Only the lines below from the one that contains "Блиц, монтажно-строительная компания" through the one that contains "Description: A cat" should appear in your answer, exact and without pictures.

> [Records for this task]:
◇ ◇ ◇ ◇ ◇ ◇ ◇

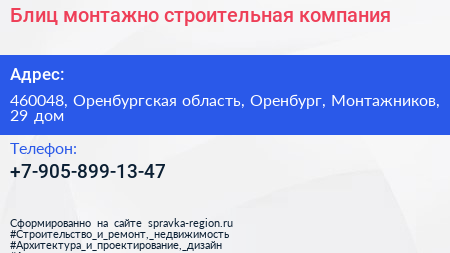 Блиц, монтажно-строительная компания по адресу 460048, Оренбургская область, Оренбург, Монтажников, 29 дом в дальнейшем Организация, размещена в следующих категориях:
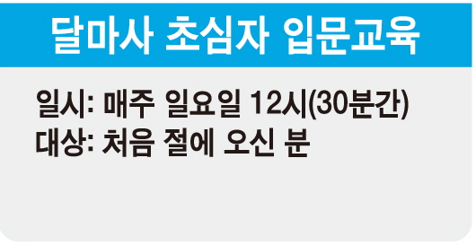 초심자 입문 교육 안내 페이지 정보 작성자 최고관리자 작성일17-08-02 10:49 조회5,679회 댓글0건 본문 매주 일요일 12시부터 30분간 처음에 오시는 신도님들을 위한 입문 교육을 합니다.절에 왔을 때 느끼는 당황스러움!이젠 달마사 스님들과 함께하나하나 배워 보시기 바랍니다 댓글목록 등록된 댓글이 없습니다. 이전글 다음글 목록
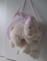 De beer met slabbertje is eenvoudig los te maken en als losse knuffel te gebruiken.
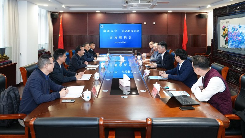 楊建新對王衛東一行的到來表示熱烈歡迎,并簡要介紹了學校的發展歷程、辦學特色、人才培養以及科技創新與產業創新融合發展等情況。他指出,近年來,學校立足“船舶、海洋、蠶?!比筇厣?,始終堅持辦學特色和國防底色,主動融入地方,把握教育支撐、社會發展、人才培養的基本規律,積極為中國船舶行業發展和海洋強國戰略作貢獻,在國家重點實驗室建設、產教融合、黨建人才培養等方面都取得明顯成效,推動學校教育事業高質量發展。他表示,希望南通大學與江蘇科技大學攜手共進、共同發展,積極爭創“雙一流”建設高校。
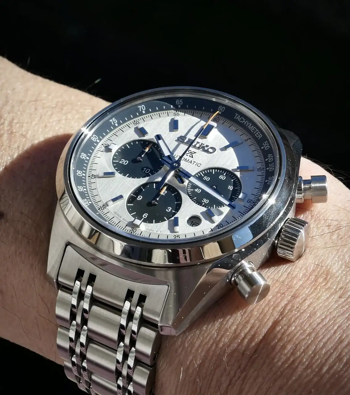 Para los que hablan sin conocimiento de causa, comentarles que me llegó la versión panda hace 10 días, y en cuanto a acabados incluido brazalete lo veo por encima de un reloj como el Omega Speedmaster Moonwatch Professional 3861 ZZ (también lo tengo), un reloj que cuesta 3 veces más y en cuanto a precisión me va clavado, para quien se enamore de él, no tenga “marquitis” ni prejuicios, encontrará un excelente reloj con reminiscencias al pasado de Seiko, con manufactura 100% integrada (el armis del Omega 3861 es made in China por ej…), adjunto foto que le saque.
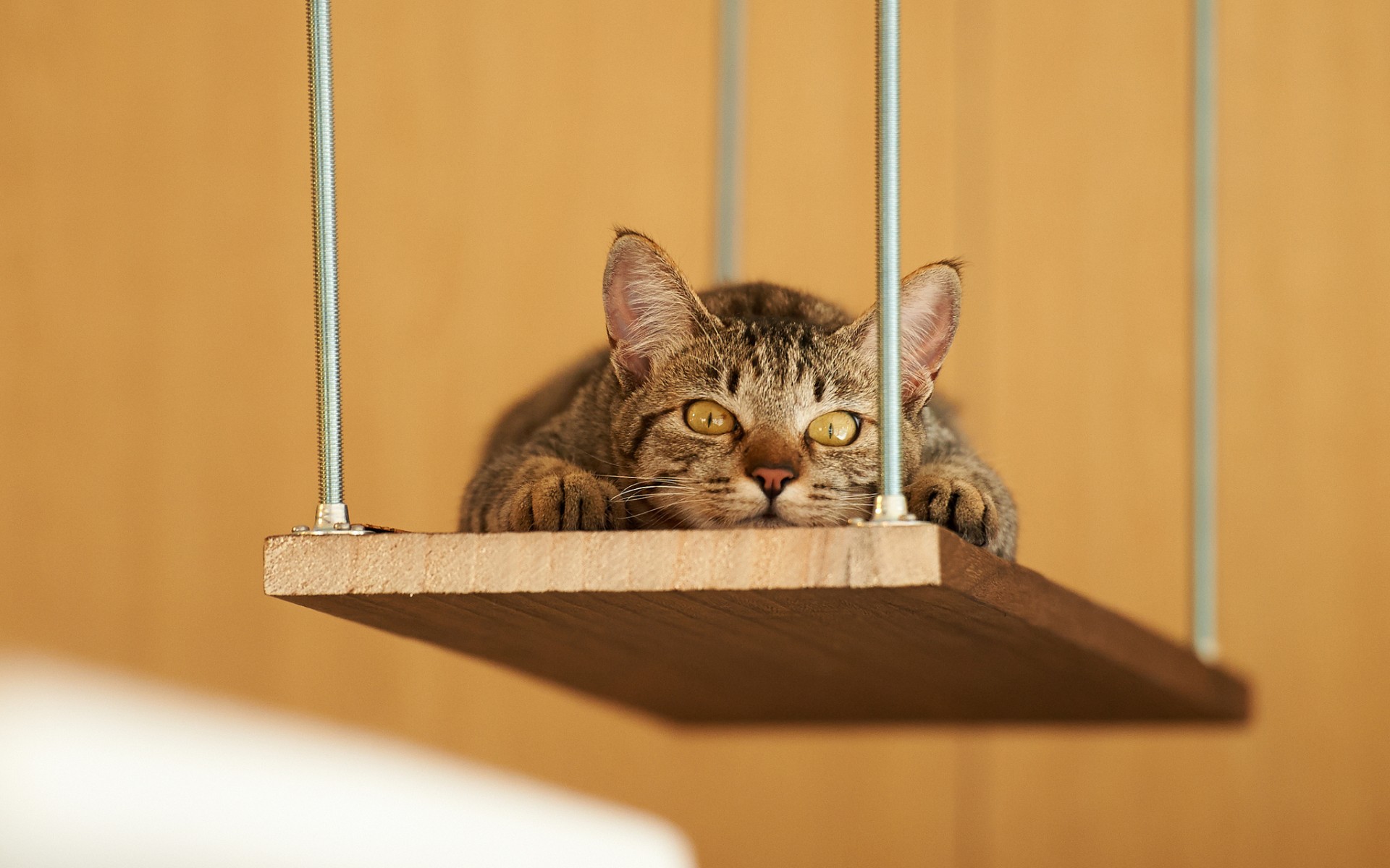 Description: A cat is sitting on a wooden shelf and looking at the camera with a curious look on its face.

◇ ◇ ◇ ◇ ◇ ◇ ◇

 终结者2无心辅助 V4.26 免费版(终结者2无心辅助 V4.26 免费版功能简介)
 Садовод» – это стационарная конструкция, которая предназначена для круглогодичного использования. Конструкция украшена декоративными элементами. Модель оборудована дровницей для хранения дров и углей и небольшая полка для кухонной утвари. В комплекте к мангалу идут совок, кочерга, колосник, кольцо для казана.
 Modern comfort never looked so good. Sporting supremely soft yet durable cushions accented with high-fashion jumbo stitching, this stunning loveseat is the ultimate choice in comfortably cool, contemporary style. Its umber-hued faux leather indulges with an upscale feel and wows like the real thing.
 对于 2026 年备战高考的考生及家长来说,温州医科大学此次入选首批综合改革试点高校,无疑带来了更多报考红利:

◇ ◇ ◇ ◇ ◇ ◇ ◇

> [Response box]:
 Блиц, монтажно-строительная компания по адресу 460048, Оренбургская область, Оренбург, Монтажников, 29 дом в дальнейшем Организация, размещена в следующих категориях:
 초심자 입문 교육 안내 페이지 정보 작성자 최고관리자 작성일17-08-02 10:49 조회5,679회 댓글0건 본문 매주 일요일 12시부터 30분간 처음에 오시는 신도님들을 위한 입문 교육을 합니다.절에 왔을 때 느끼는 당황스러움!이젠 달마사 스님들과 함께하나하나 배워 보시기 바랍니다 댓글목록 등록된 댓글이 없습니다. 이전글 다음글 목록
 De beer met slabbertje is eenvoudig los te maken en als losse knuffel te gebruiken.
 楊建新對王衛東一行的到來表示熱烈歡迎,并簡要介紹了學校的發展歷程、辦學特色、人才培養以及科技創新與產業創新融合發展等情況。他指出,近年來,學校立足“船舶、海洋、蠶?!比筇厣?,始終堅持辦學特色和國防底色,主動融入地方,把握教育支撐、社會發展、人才培養的基本規律,積極為中國船舶行業發展和海洋強國戰略作貢獻,在國家重點實驗室建設、產教融合、黨建人才培養等方面都取得明顯成效,推動學校教育事業高質量發展。他表示,希望南通大學與江蘇科技大學攜手共進、共同發展,積極爭創“雙一流”建設高校。
 Para los que hablan sin conocimiento de causa, comentarles que me llegó la versión panda hace 10 días, y en cuanto a acabados incluido brazalete lo veo por encima de un reloj como el Omega Speedmaster Moonwatch Professional 3861 ZZ (también lo tengo), un reloj que cuesta 3 veces más y en cuanto a precisión me va clavado, para quien se enamore de él, no tenga “marquitis” ni prejuicios, encontrará un excelente reloj con reminiscencias al pasado de Seiko, con manufactura 100% integrada (el armis del Omega 3861 es made in China por ej…), adjunto foto que le saque.
 Description: A cat is sitting on a wooden shelf and looking at the camera with a curious look on its face.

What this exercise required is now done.